Posted by: Rebecca in


So I'm pretty sure my dad thinks I'm crazy. Here was our phone conversation of just a couple minutes ago.

"Hello?"
"Hey, Daddy. Do we have any morbid family secrets you haven't told me about yet?"
"...What?"

Yeah. He thinks I'm crazy. But that's okay, because I kind of am. The main reason I asked that question is because I need some family history for a story... and I can't seem to come up with any out of my head. I'll get there eventually, but I thought it wouldn't hurt to ask Daddy, as he's done the whole genealogy thing. Unfortunately, it seems we don't have any really interesting stuff. Hmm.

sounds of breaking glass.  

Posted by: Rebecca in


I had an idea!! I love the feeling I get when I come up with an idea for a story. It's like discovering a hundred-dollar bill in the pocket of an old coat, or finding chocolate chip cookie dough ice cream in the freezer when all you thought you had was vanilla, or maybe even winning the lottery, though I've never done that. It's a great feeling.

Now I sit in the library and type away furiously. It's not going to be one of my huge eight-hour writing stretches... I don't have the time to do that today. So I will work as long as I can, and then come back again tomorrow and write more, and again the next day, and so on until it's finished.
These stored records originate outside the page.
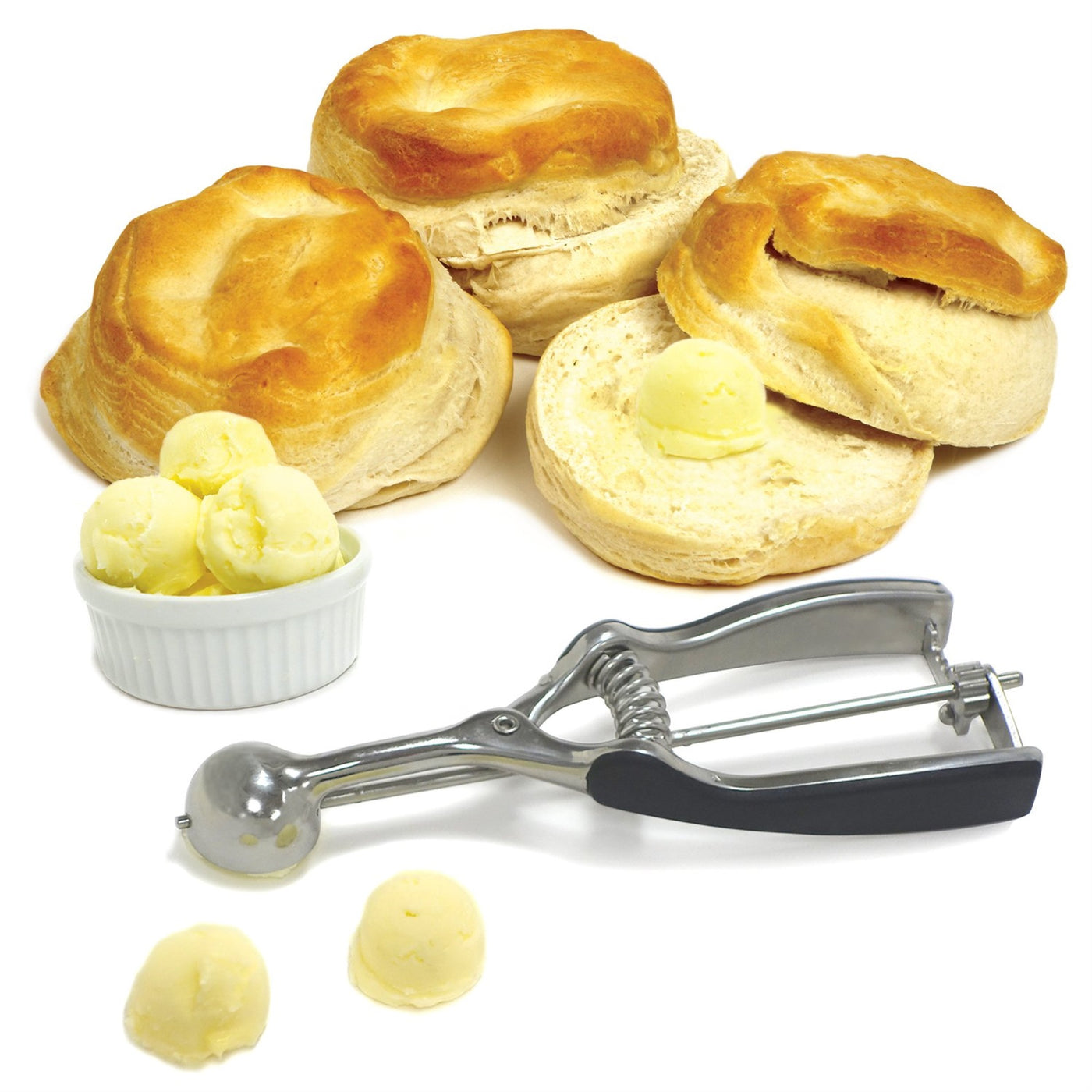 • Q: Is this scoop suitable for making cookie dough balls? A: Yes, the Norpro Grip-EZ scoop is ideal for portioning cookie dough into uniform balls, making it a great tool for baking.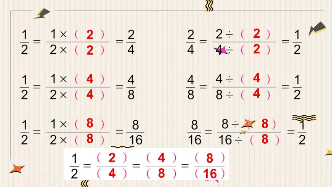 教师: 我们用同样的方法来分析第二个等式,1/2 = 4/8。从左到右,分子分母同时乘了4。反过来,同时除以4。第三个等式,1/2 = 8/16,分子分母同时乘了8,反过来同时除以8。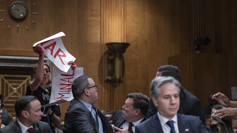 قاطع متظاهرون غاضبون من سياسة البيت الأبيض فيما يتعلق بقطاع غزة وزير الخارجية الأمريكي أنتوني بلينكن خلال جلسة استماع أمام لجنة العلاقات الخارجية بمجلس الشيوخ 4 مرات متتالية.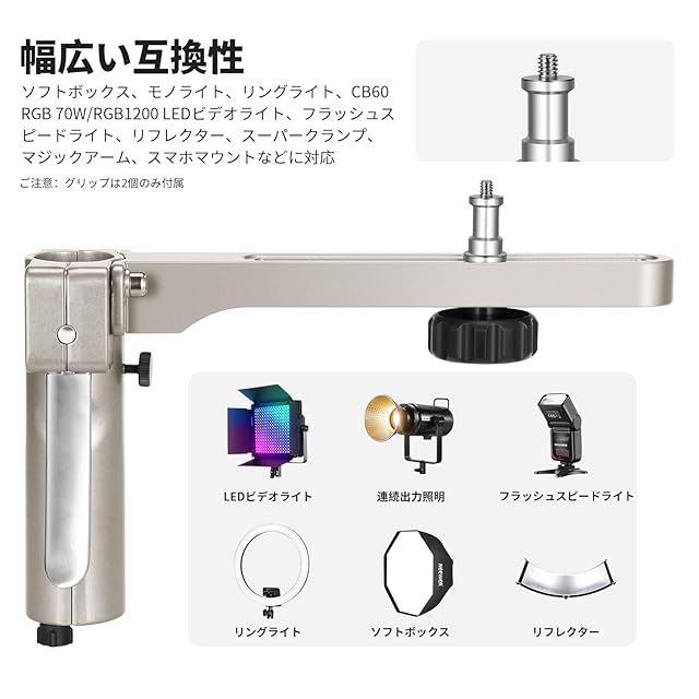 【2つのグリップでより多用途】ローリングライトスタンドはピストルグリップ付き2本のスライディングアームが付属しており、一度に2つの機器を取り付けられ、強化された撮影ソリューションです。取り外し可能で360°回転可能な各アームは1/4"ネジ付き5/8"スピゴットスタッドを備えており、コンパチブル SF30120Q/SF-RPBO26ソフトボックス、モノライト、リングライト、CB60 RGB 70W/RGB1200 LEDビデオライト、フラッシュスピードライト、リフレクター、スーパークランプ、マジックアーム、スマホマウントなど。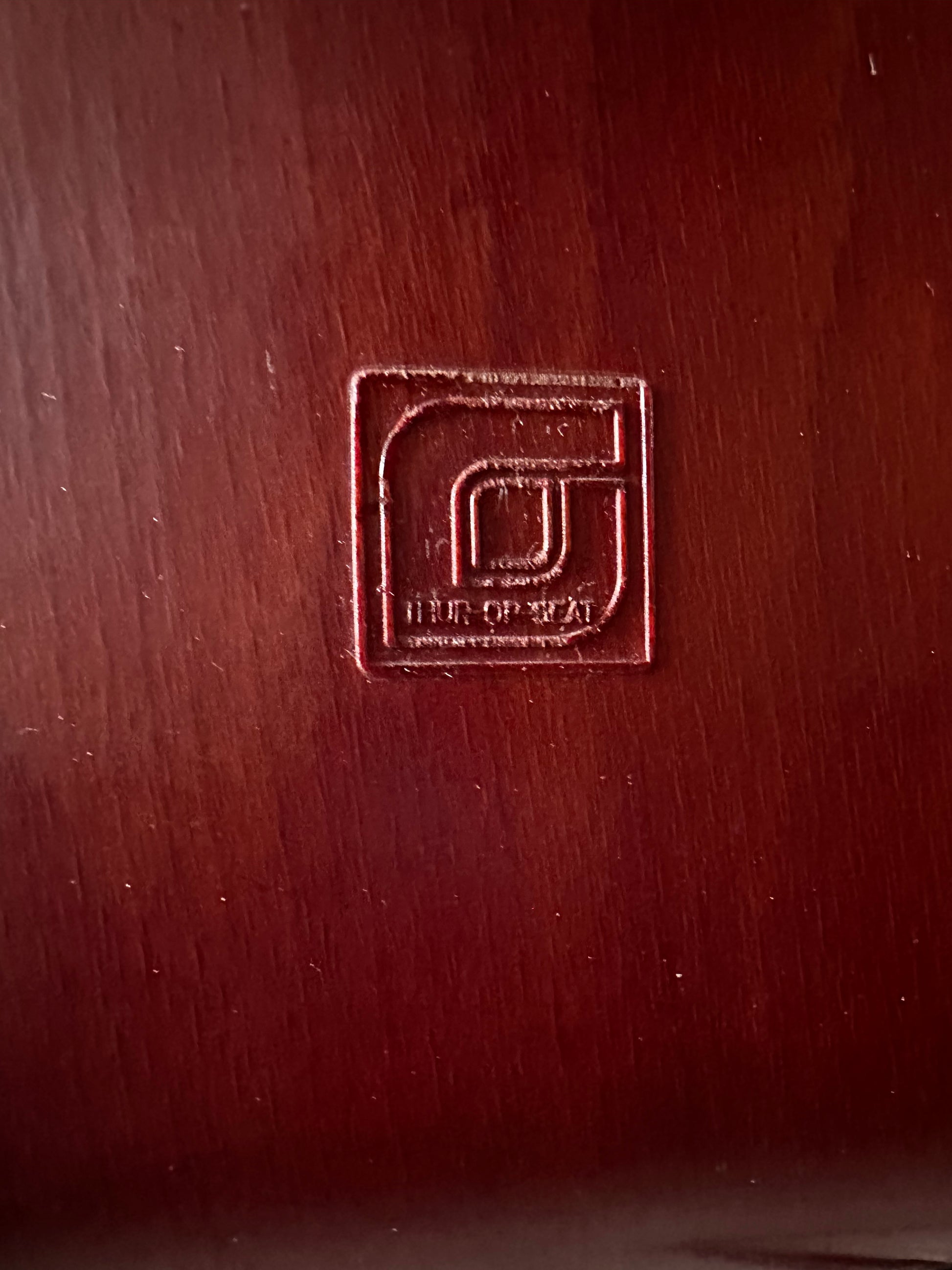 Een echte jaren 70 stoel. Deze Thur op Seat stoel is gemaakt in een samenwerking van Galvanitas & Pagholz. Gezien de leeftijd is de stoel nog in een mooie vintage staat met gebruikssporen passend bij de leeftijd. Stoel heeft het merkteken achter op de zitting.

I've never written this way before - all the stories I've ever finished have been completely written in one day. I'm a little worried that this will disrupt the flow of the story, but maybe it won't. Maybe it'll work. It has to work, right?

writing.  

Posted by: Rebecca in


I hate writing.

Okay, no, I don't hate writing. But sometimes I dislike it very much. You see, I have this 'process' that I have to go through in order to complete a story. I sit around for days, sometimes weeks, trying to come up with an idea for a story. I go through countless pages of Word documents and loose leaf paper, freewriting, complaining to myself about how stupid the creation of a story is, how pointless and useless and worthless my writing is, so on and so forth. And somewhere in that period of time, an idea comes to me that actually sticks for more than a few minutes. I head to the library and get into an eight- or nine-hour writing frenzy, in which I go through my entire "Epic Writing Mix" (composed of various movie soundtracks like 300 or Pan's Labyrinth, plus some of my favorite classical pieces). I find that this type of music is wonderful to write to - no words to distract me, and the music itself is sufficiently...well... epic to give me momentum and keep me writing for a while. The entire playlist is about seven hours long. Hopefully, once I come out of my soundtrack-and-Stirling's-smoothie-induced haze, I'll have created a rough draft of a story. Then I get to edit... joy... and out of that comes a story that, hopefully, is worth something.

Unfortunately, today is one of those days in the first part of the process - the self-loathing, hatred-of-everything part of the process. So I get to sit and stare out the window, hoping maybe some monumental idea will come crashing through the glass yelling "TA-DAAA!!"